Context-Aware Image Captioning with BLIP-2

more details PDF: caption_report
Project: Generate Context-Aware Captions from Photos

This project implements a context-aware image captioning system that goes beyond standard literal descriptions. Instead of generating basic captions like "A person standing in front of a building," our system produces rich, contextual descriptions like "Reporter covering the climate summit in Paris, December 2024" by incorporating temporal, geographical, and social context.

Project Overview

Objective: Develop a captioning model that incorporates contextual signals (location, people, events, dates) to generate more meaningful and informative image descriptions.

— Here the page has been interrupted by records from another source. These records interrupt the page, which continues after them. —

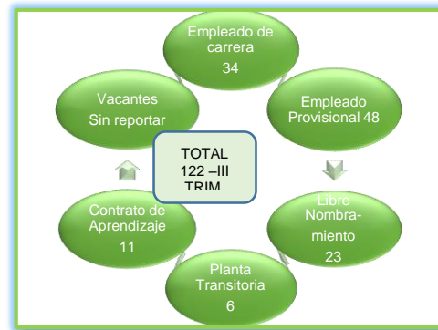
Tercer Trimestre 2017

En relación con el trimestre anterior, se evidencian variaciones así: En la nómina de servidores públicos de planta ( Carrera administrativa y transitoria ), disminución de 1 cargo, en cuanto a los servidores provisionales aumentaron 3 cargos, para libre nombramiento disminuyó 1 cargo y los pasantes disminuyeron en 1 cargo.
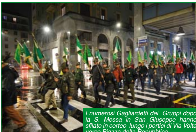
I numerosi Gagliardetti dei Gruppi dopo la S. Messa in San Giuseppe hanno sfilato in corteo lungo i portici di Via Volta verso Piazza della Repubblica.
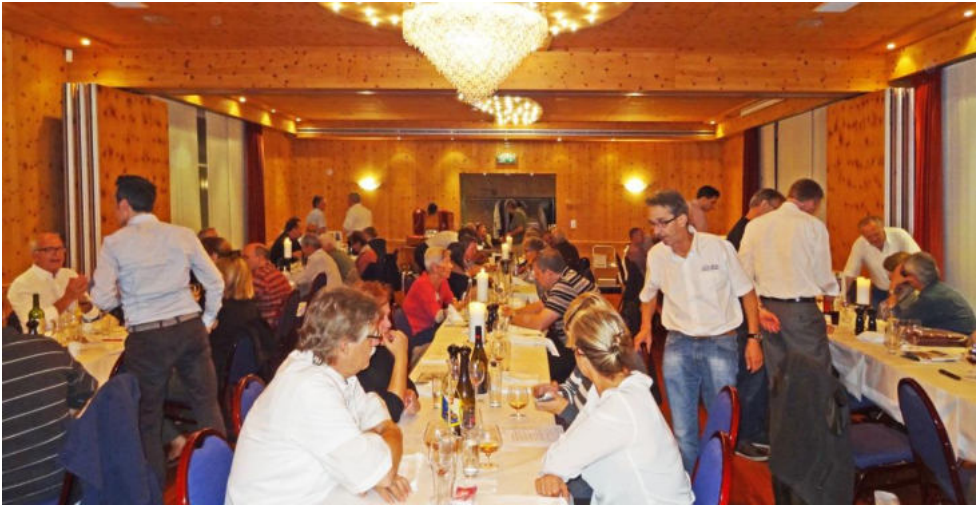
Nach der Versammlung gab es genügend Gelegenheit für angeregte Gespräche
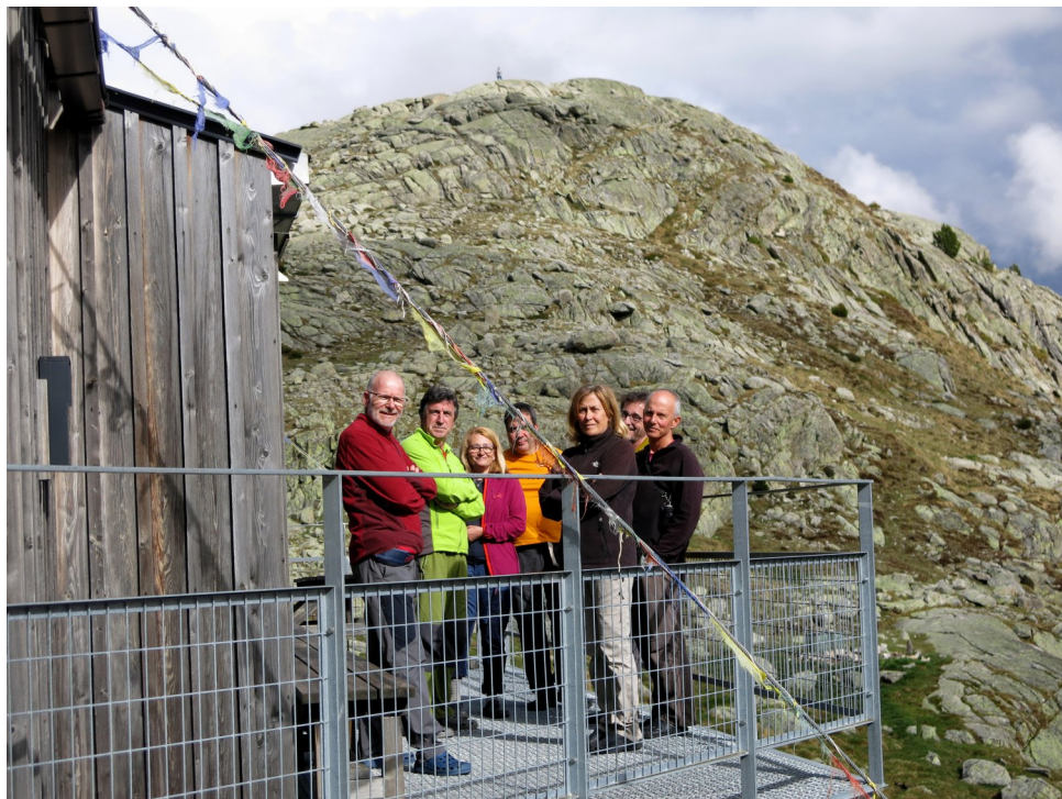
Refugi de la Colomina.

La Rosa Maria ens programa una sortida de la SEAM al Peguera per re col·locar la placa dels sostres comarcals que feia temps que havia desaparegut del cim.
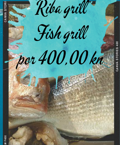
Riba grill Fish grill por 400,00 kn
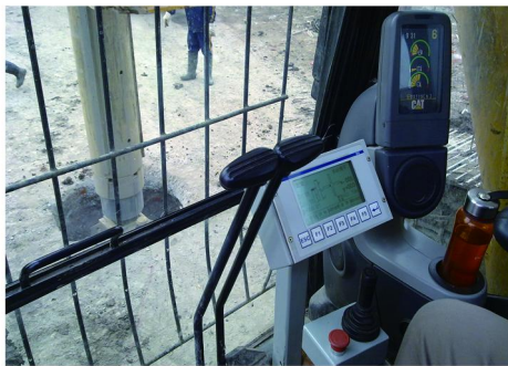
图1 旋挖钻机成孔监测

在钢筋笼和钢格构柱下放后,混凝土浇筑前,开动空压机清孔,风量、风压由小到大,正常风量为
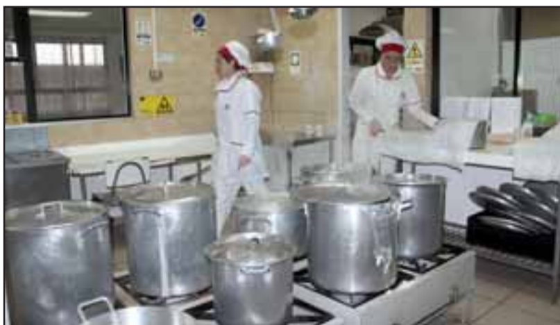
TODO EN ORDEN.- Diario El Trabajo fue invitado a realizar una inspección por toda la cocina y bodega de alimentos.

El Liceo Manuel Marín Fritis es un establecimiento educacional urbano, que nació de la unión de la Escuela N°30 de hombres y la Escuela N°31 de mujeres; el cual en 1971 pasó a llamarse 'Escuela Consolidada de Experimentación e Investigaciones Pedagógicas
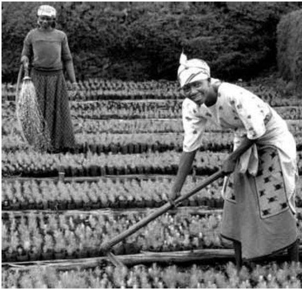
ሰእሊ 4.2 ዳግመ ግረባ ንምክያድን ፈልስታት ኣብ ምትካልን ተሳተፎ ደቂ ኣንስትዮን

ቕልጠፍ ዕብዮት በዝሒ ህዝቢ ኣብ ማሕበረ ኢኮኖሚያውን ከባቢያውን ከንታት ኣብዩ ፅልዎ ኣለዎ። ምስ ምጉሕገሕን ብርሰትን ሃፍቲ ተፈጥሮውን ብቐጥታ ዝተኣሳሰረ እዩ። ሃፍቲ ተፈጥሮ ማለት ኣብ መሬት ዝርከቡን ንራብሓ ሰባት ክውዕሉ ዝክእሉ ከምኡ ማዕድን፣ ደን፣ ሃፍቲ ማይ፣ ወዘተ ዝእምሰሉ እዮም። ናይ ሓንቲ ሃገር ሃፍቲ ተፈጥሮ ኣብ ራብሓ ንምውግል ዝተፈላላዩ ቴክኖሎጂን ዝሰልጠነ ሃይሊ ሰብ የድሊ። እዙይ ድማ መሰረታዊ ግልጋሎት ወሃብቲ ከምእኒ ቤት ትምህርቲ ጥዕና ወዘተ ዝመሳሰሉ ንክማልኡ ግድን ይኸውን። እዚኦም ንምምላእ ድማ በዝሒ ህዝብን ኢኮኖሚያዊ ምዕባለን ክመጣጠን ኣለዎ። ዕብዮት ህዝቢ ኣብ ኢኮኖሚያዊ ምዕባለ ንላዕሊ ኣብ ዝኾነሉ ከንታት ለውጥን ዕብዮትን ክመፅእ ስለዘይክእል ኣብታ ሃገር ዘሎ ሕብረተሰብ ሃፍቲ ተፈጥሮ ኣብ ምብራሕ ክዋፈሩ ይገብር።
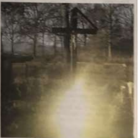
Sopra, le foto di alcune delle strane apparizioni di luci, fuochi e immagini che si sono ripetute nel corso degli anni a Stupinigi
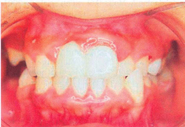
Foto 1. Paciente gestante con 20 semanas de edad gestacional con diagnóstico de periodontitis crónica leve.
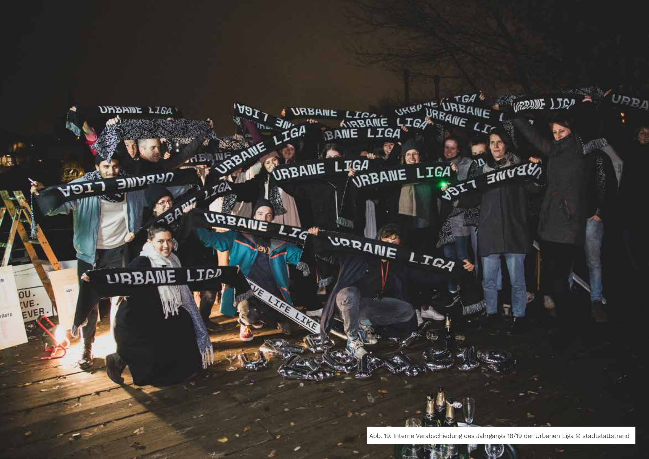
Abb. 19: Interne Verabschiedung des Jahrgangs 18/19 der Urbanen Liga
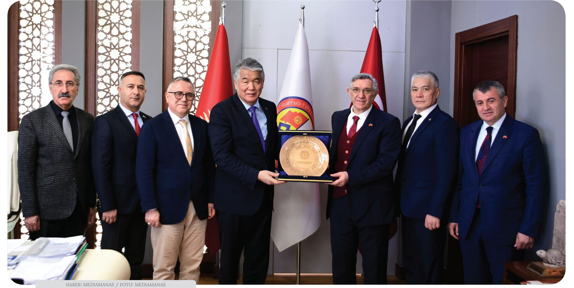
HABER: MEDIAMANAS
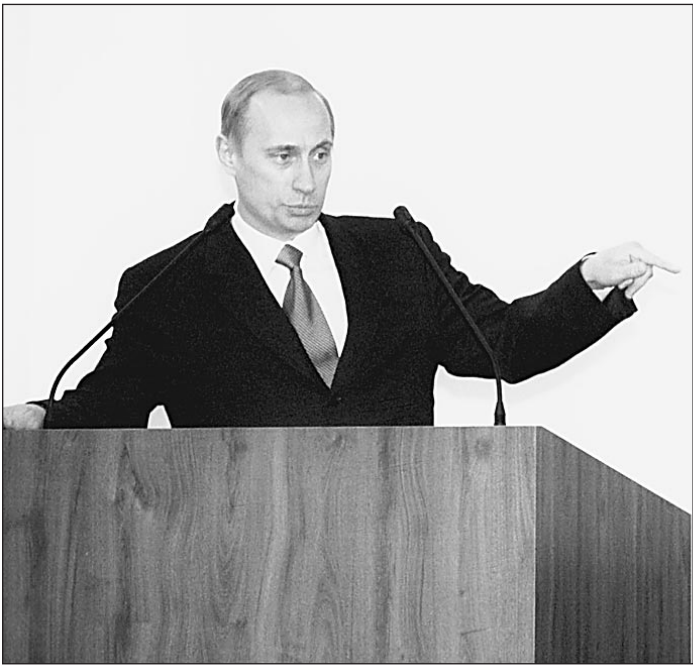
Гарант политического курса
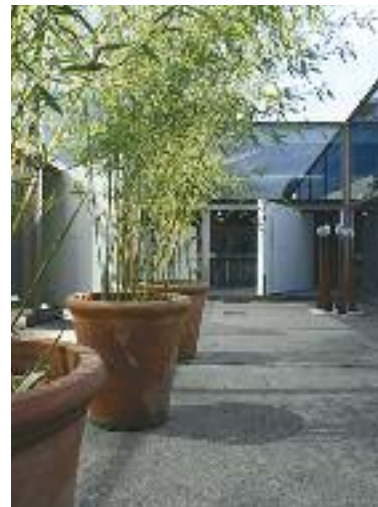
Het kantoor van Inbo, Eindhoven. Architect: Inbo

Drie voorbeelden worden middels maquettes en digitale presentaties getoond: collectief particulier opdrachtgeverschap projecten, waar
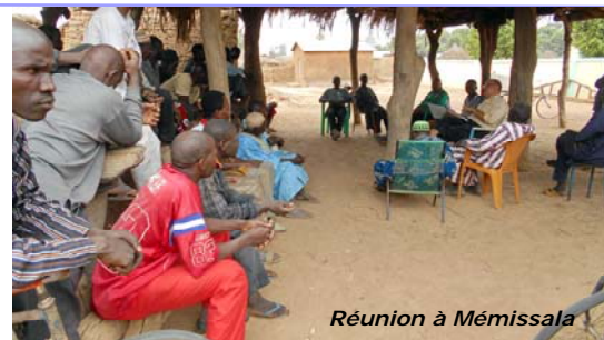
Réunion à Mémissala

Mémissala : Une nouvelle panne a motivé le comité à revoir son fonctionnement pour favoriser une plus grande consommation. Il a rédigé un nouveau règlement intérieur présenté par le bureau
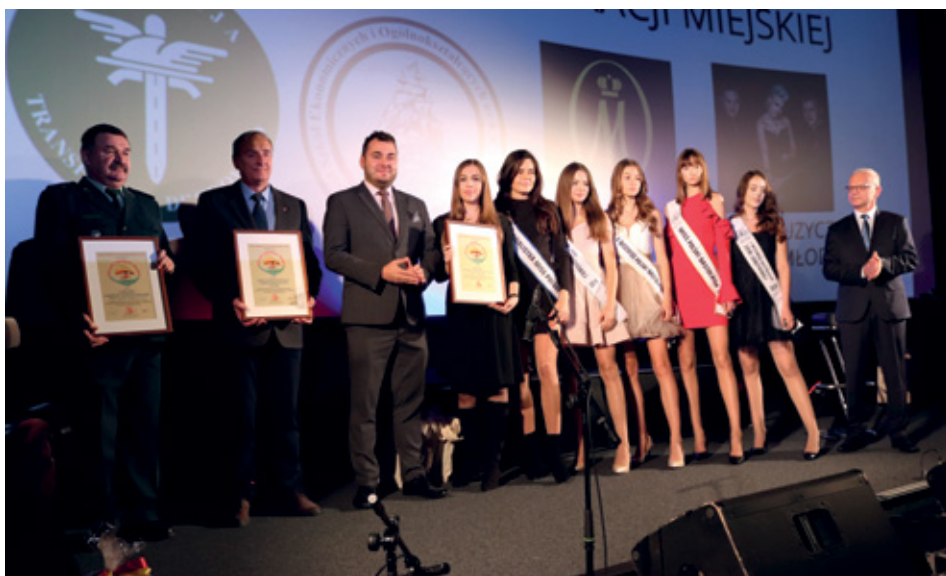
Uroczysta gala uświetniła jubileusz 50-lecia MPK.

Approach: Fine-tune BLIP-2 on the GoodNews dataset, which contains news images with rich metadata including article context, named entities, locations, and temporal information. The model learns to integrate visual content with contextual signals.

Context Integration Examples:

Standard caption: "A man in a suit speaking at a podium"
Context-aware caption: "President Biden addressing climate change at COP28 summit in Dubai, December 2023"

Dataset: GoodNews - news images with articles, metadata, and rich contextual information including people, locations, events, and temporal data.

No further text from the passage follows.